→ **Data records**
* * *
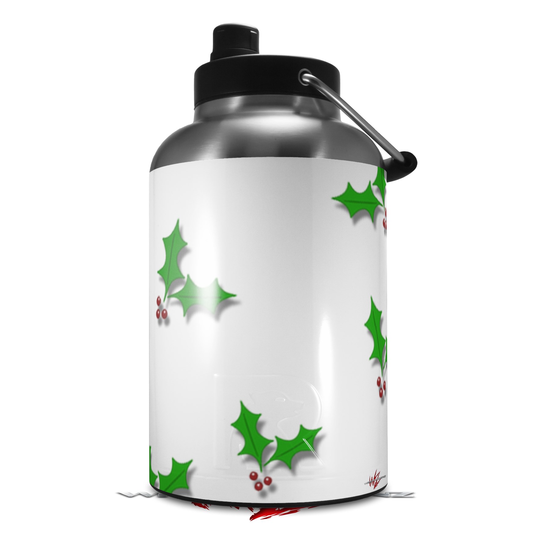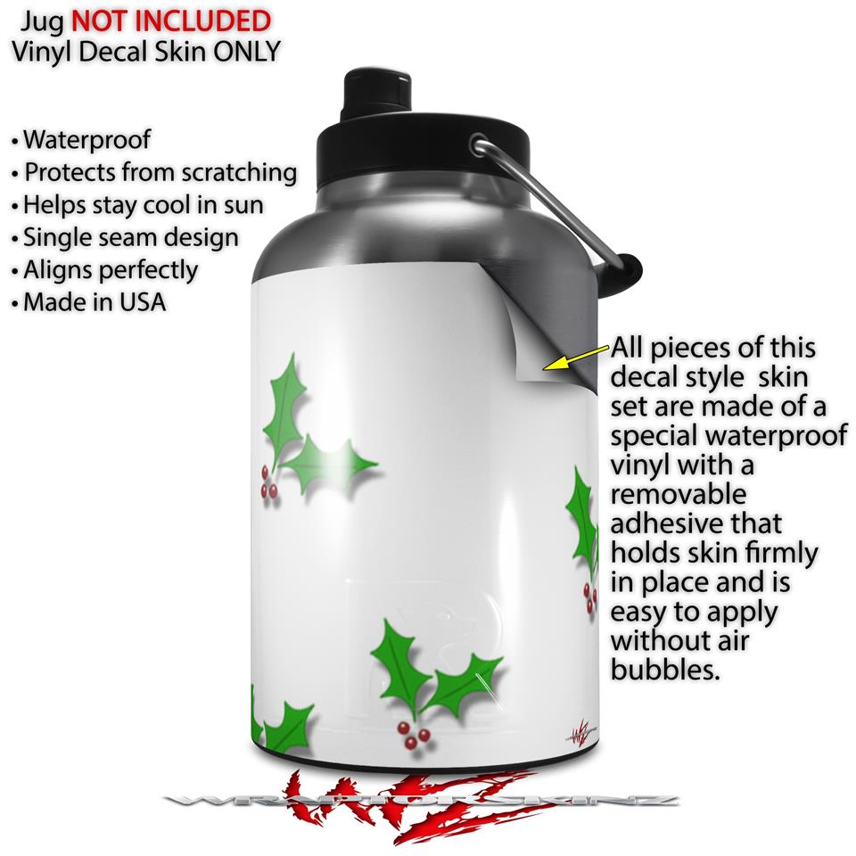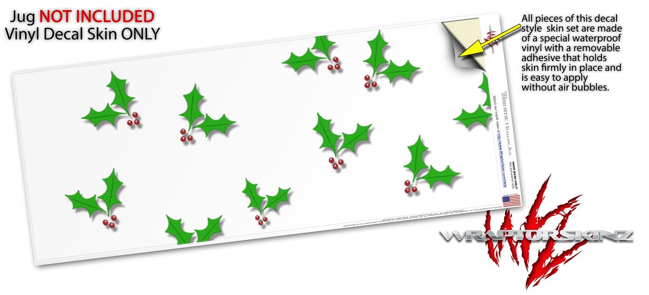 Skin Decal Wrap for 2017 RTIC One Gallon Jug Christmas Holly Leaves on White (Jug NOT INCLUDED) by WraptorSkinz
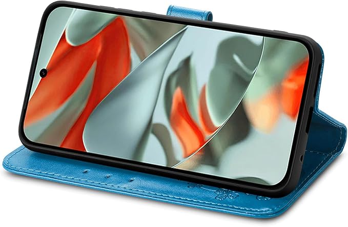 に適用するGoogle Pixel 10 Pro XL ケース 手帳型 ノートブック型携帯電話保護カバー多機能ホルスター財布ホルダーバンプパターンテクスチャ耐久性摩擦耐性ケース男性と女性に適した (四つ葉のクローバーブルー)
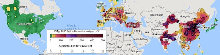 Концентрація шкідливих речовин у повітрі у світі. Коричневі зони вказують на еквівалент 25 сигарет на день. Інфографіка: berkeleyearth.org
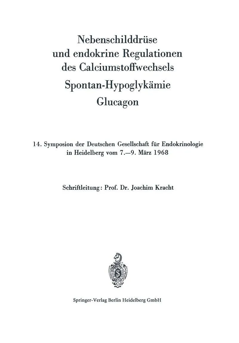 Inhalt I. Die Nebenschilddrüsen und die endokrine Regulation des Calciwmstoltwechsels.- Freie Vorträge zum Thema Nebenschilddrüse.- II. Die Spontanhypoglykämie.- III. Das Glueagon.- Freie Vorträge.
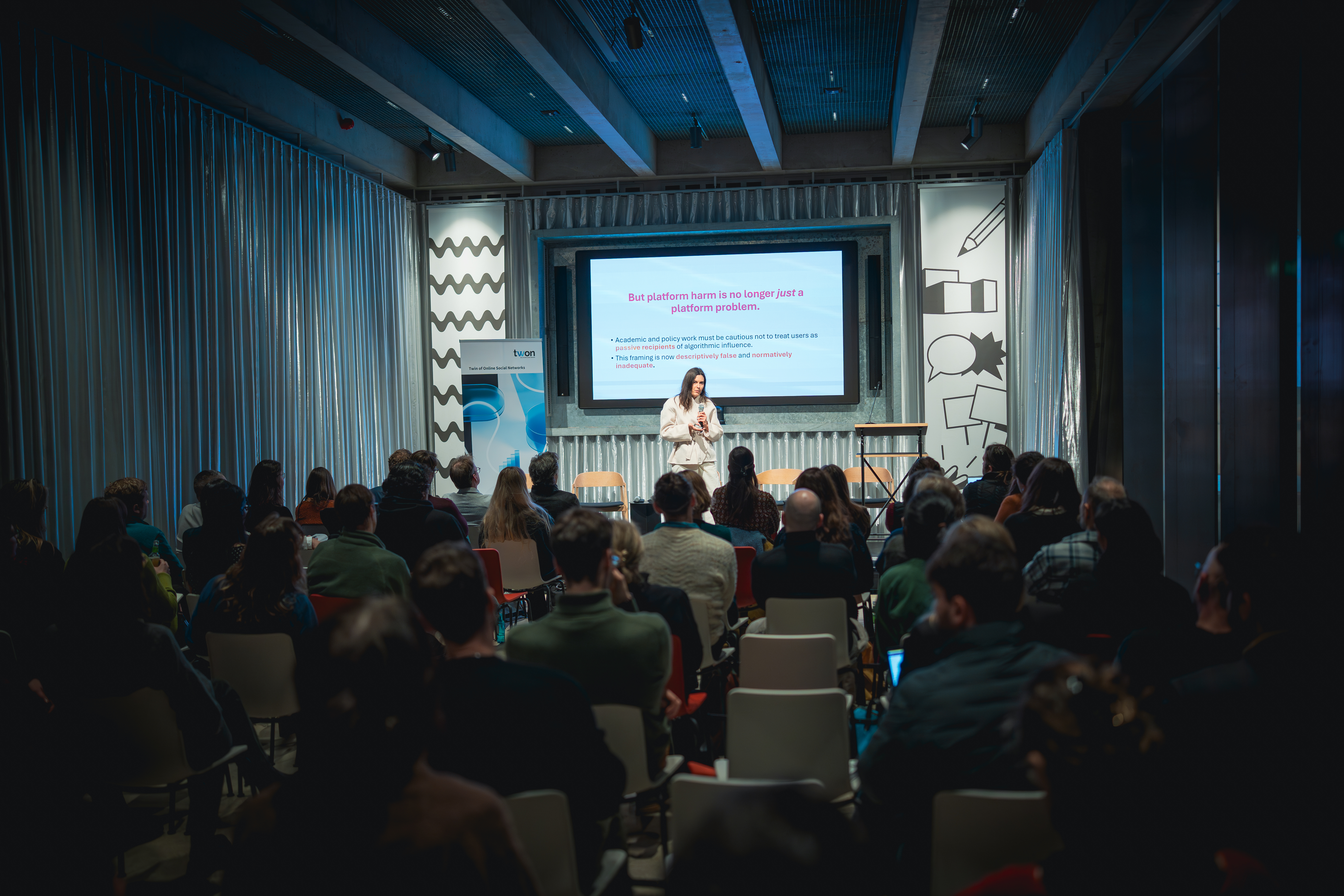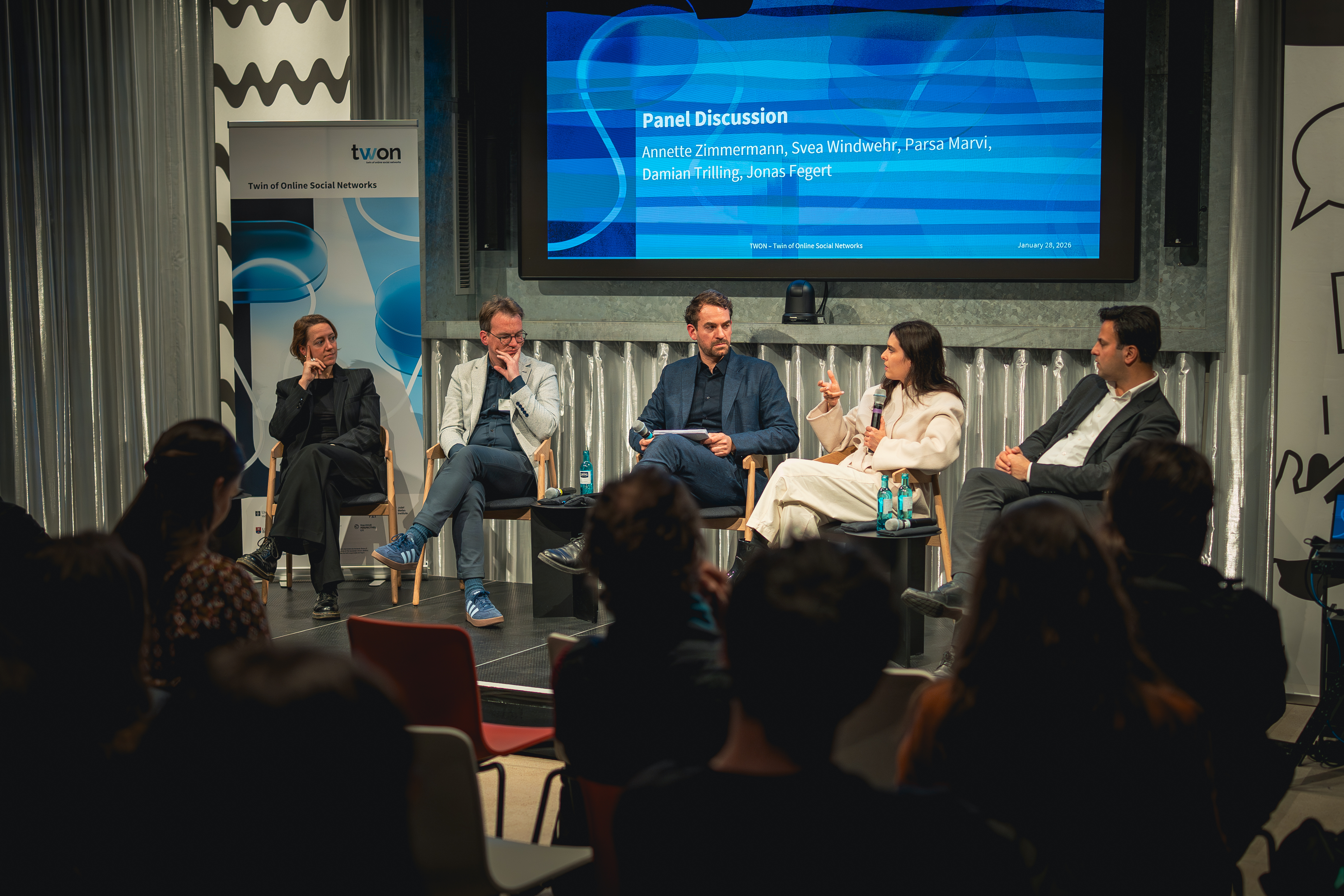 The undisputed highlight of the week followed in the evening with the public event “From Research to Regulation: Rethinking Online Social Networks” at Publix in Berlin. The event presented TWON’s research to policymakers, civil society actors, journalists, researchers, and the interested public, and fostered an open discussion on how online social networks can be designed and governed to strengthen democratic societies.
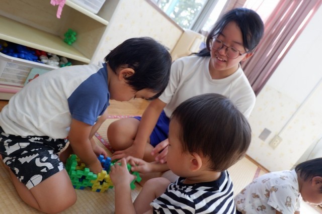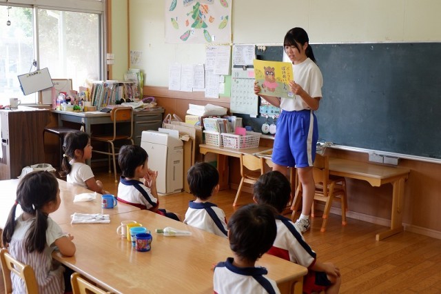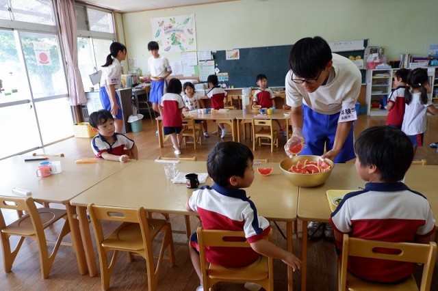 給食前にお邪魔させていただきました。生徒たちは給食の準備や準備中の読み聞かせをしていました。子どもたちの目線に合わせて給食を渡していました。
* * *
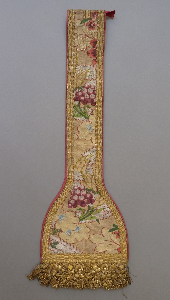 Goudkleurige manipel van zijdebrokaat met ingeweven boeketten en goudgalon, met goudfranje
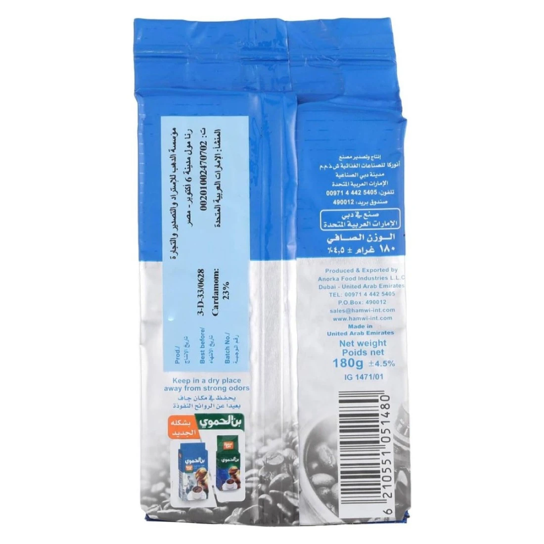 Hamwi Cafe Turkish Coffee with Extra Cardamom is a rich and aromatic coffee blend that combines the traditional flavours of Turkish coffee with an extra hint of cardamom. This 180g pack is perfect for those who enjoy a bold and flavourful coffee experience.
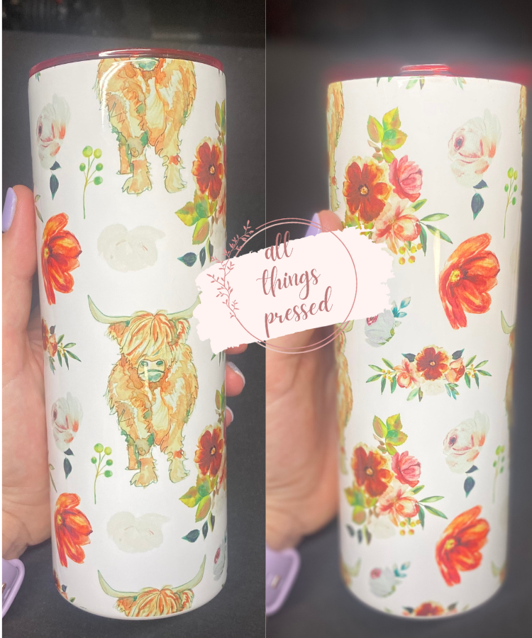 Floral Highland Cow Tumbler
* * *
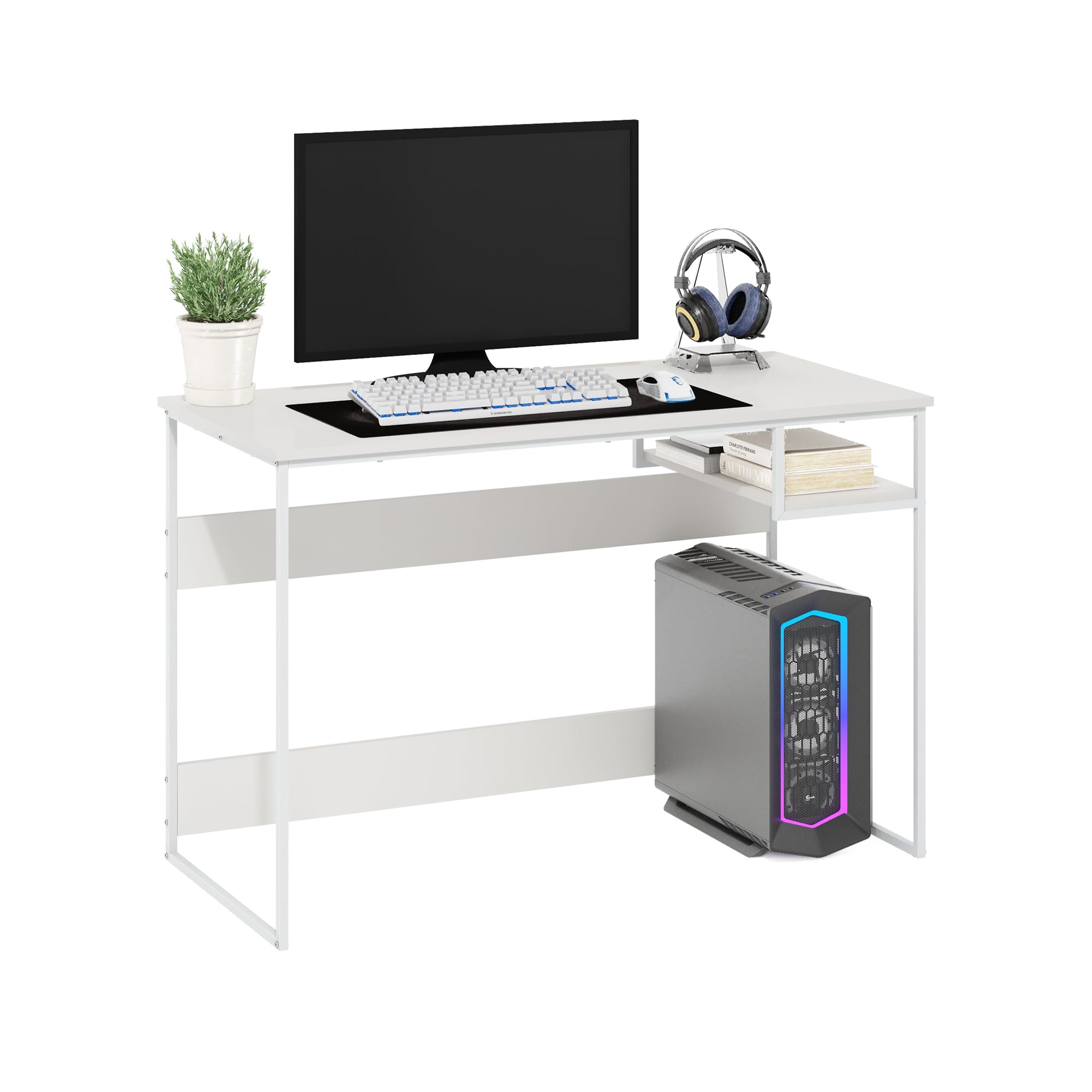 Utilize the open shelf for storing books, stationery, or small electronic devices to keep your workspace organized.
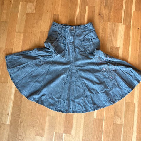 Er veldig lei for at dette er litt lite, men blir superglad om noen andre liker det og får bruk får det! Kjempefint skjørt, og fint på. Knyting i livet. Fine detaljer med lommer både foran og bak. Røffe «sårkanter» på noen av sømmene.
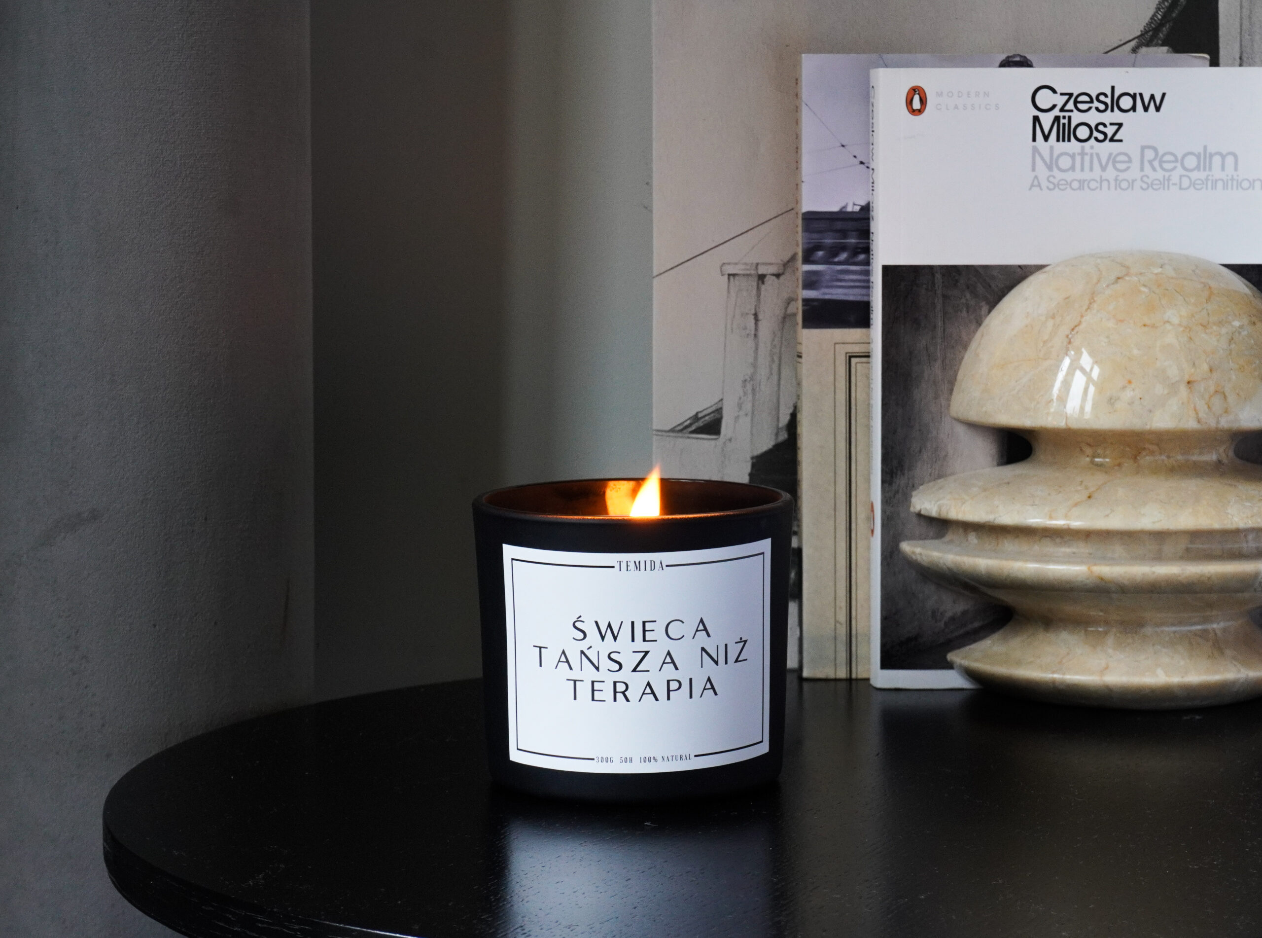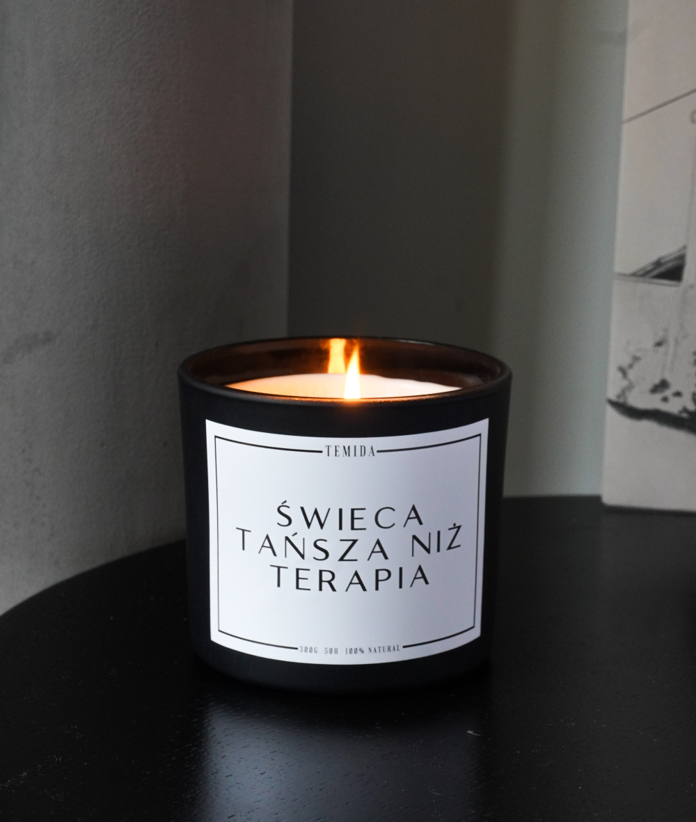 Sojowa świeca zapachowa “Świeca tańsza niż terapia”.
* * *
→ **Exercise requirements**
Go to the line above that contains "Hamwi Cafe Turkish" and reproduce everything exactly from there through the line that contains "Floral Highland Cow Tumbler", leaving out the pictures.

→ **The answer**
 Hamwi Cafe Turkish Coffee with Extra Cardamom is a rich and aromatic coffee blend that combines the traditional flavours of Turkish coffee with an extra hint of cardamom. This 180g pack is perfect for those who enjoy a bold and flavourful coffee experience.
 Floral Highland Cow Tumbler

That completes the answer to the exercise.